··· Data listing ···

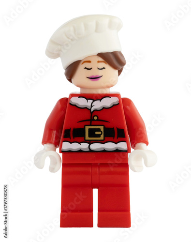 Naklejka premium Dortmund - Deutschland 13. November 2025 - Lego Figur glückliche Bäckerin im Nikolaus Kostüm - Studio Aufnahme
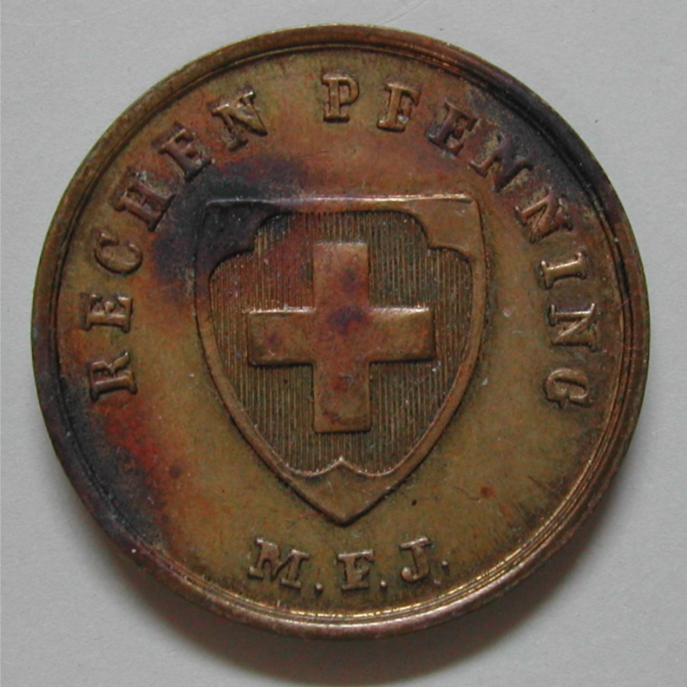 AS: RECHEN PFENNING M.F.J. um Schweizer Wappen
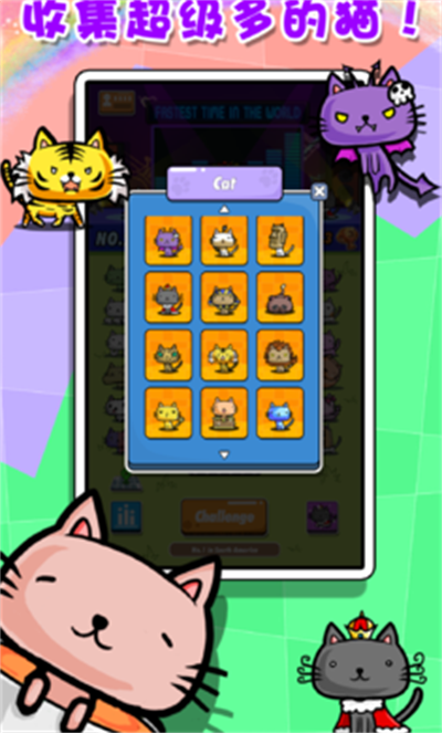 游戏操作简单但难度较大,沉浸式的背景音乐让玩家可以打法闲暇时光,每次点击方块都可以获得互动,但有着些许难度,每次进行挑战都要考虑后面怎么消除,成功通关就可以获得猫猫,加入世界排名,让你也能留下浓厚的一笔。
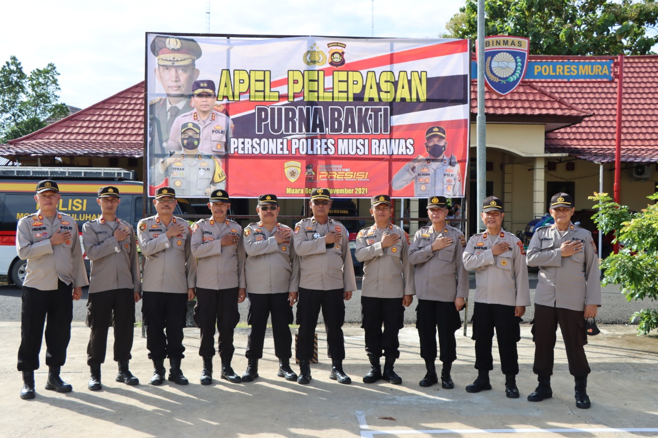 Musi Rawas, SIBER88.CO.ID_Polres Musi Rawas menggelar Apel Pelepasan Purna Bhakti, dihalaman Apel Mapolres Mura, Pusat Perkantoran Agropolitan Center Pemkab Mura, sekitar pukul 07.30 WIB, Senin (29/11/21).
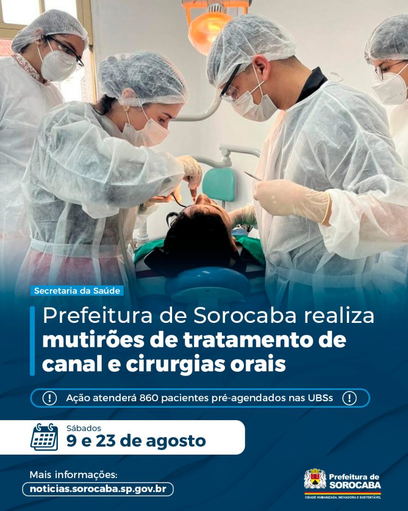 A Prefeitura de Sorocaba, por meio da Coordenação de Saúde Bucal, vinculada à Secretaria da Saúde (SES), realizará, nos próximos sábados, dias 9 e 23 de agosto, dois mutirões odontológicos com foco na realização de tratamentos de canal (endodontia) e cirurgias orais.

···

## Work required
Starting at the line that contains "Musi Rawas, SIBER88.CO.ID_Polres" and ending at the final line of the data, reproduce each line exactly. Pictures stay out of the copy.

## Output below
 Musi Rawas, SIBER88.CO.ID_Polres Musi Rawas menggelar Apel Pelepasan Purna Bhakti, dihalaman Apel Mapolres Mura, Pusat Perkantoran Agropolitan Center Pemkab Mura, sekitar pukul 07.30 WIB, Senin (29/11/21).
 A Prefeitura de Sorocaba, por meio da Coordenação de Saúde Bucal, vinculada à Secretaria da Saúde (SES), realizará, nos próximos sábados, dias 9 e 23 de agosto, dois mutirões odontológicos com foco na realização de tratamentos de canal (endodontia) e cirurgias orais.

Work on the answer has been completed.